◆ WHAT THE TASK REQUIRES
Starting at the line that contains "Картина Абстракція з", copy every line through the end of the records below exactly as written, leaving out pictures.

◆ DATA IN THIS EXERCISE
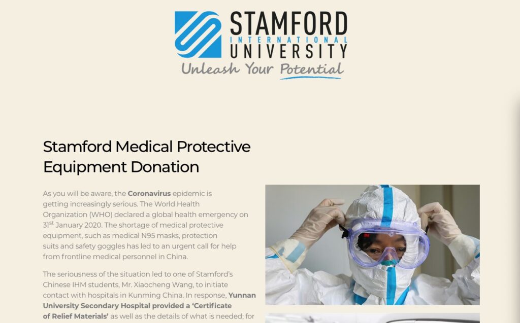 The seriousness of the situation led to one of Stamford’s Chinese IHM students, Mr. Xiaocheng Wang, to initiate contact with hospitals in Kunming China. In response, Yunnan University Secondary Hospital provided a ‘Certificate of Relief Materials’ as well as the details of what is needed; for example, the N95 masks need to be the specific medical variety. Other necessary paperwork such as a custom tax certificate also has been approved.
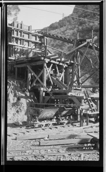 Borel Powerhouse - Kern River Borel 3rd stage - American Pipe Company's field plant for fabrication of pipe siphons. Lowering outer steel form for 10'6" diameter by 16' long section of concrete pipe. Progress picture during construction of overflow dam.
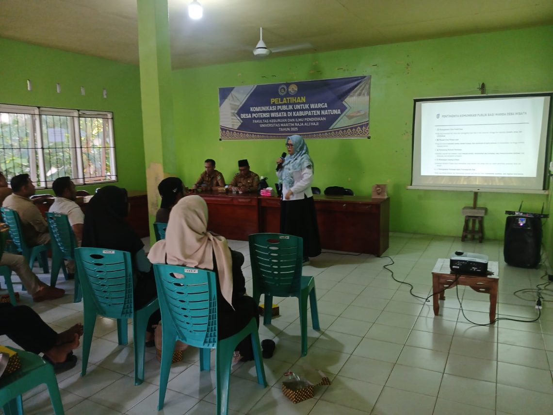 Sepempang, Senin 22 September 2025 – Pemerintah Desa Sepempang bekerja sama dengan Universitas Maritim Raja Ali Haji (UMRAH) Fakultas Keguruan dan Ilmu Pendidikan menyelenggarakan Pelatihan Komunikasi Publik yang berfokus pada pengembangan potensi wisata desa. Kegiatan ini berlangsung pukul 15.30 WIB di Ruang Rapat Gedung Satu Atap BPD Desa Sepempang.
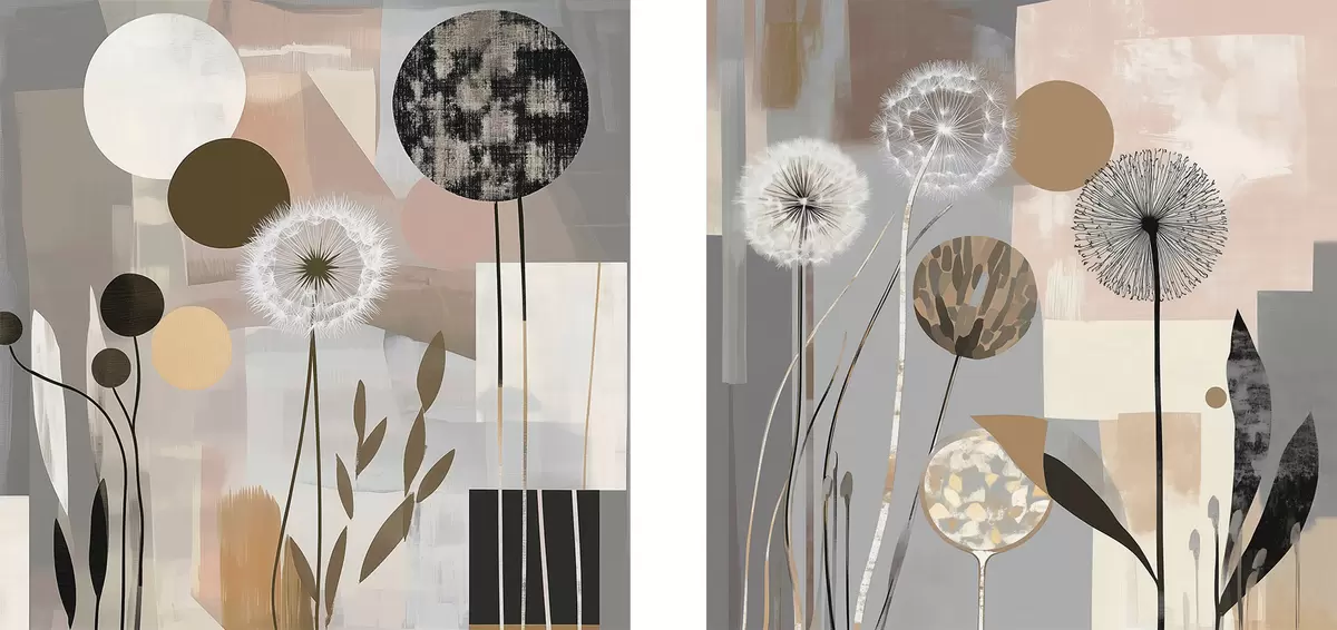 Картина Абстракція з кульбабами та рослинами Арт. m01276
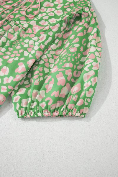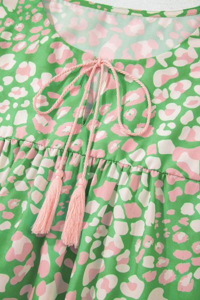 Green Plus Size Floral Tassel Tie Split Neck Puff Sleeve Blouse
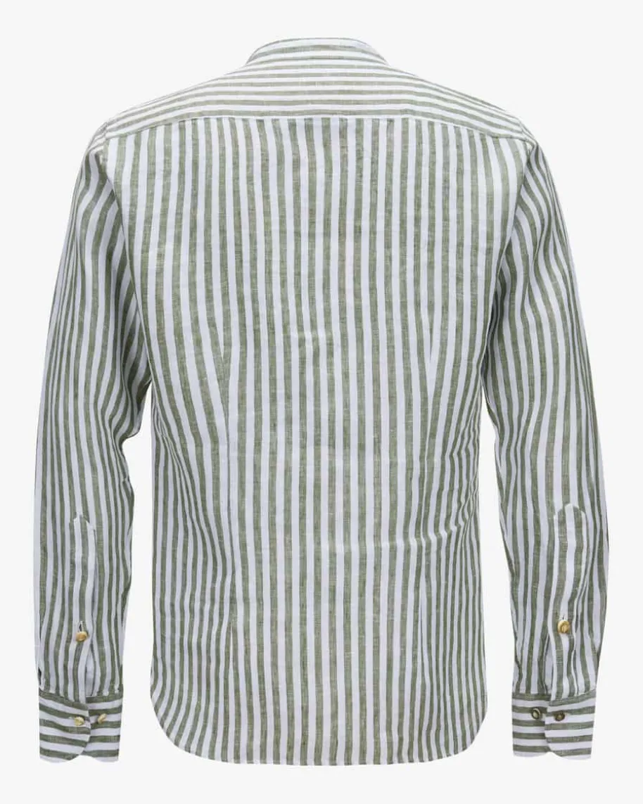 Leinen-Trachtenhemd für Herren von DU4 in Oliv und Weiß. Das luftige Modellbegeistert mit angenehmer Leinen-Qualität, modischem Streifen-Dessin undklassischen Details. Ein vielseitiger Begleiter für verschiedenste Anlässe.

◆ SOLVED EXERCISE
 Картина Абстракція з кульбабами та рослинами Арт. m01276
 Green Plus Size Floral Tassel Tie Split Neck Puff Sleeve Blouse
 Leinen-Trachtenhemd für Herren von DU4 in Oliv und Weiß. Das luftige Modellbegeistert mit angenehmer Leinen-Qualität, modischem Streifen-Dessin undklassischen Details. Ein vielseitiger Begleiter für verschiedenste Anlässe.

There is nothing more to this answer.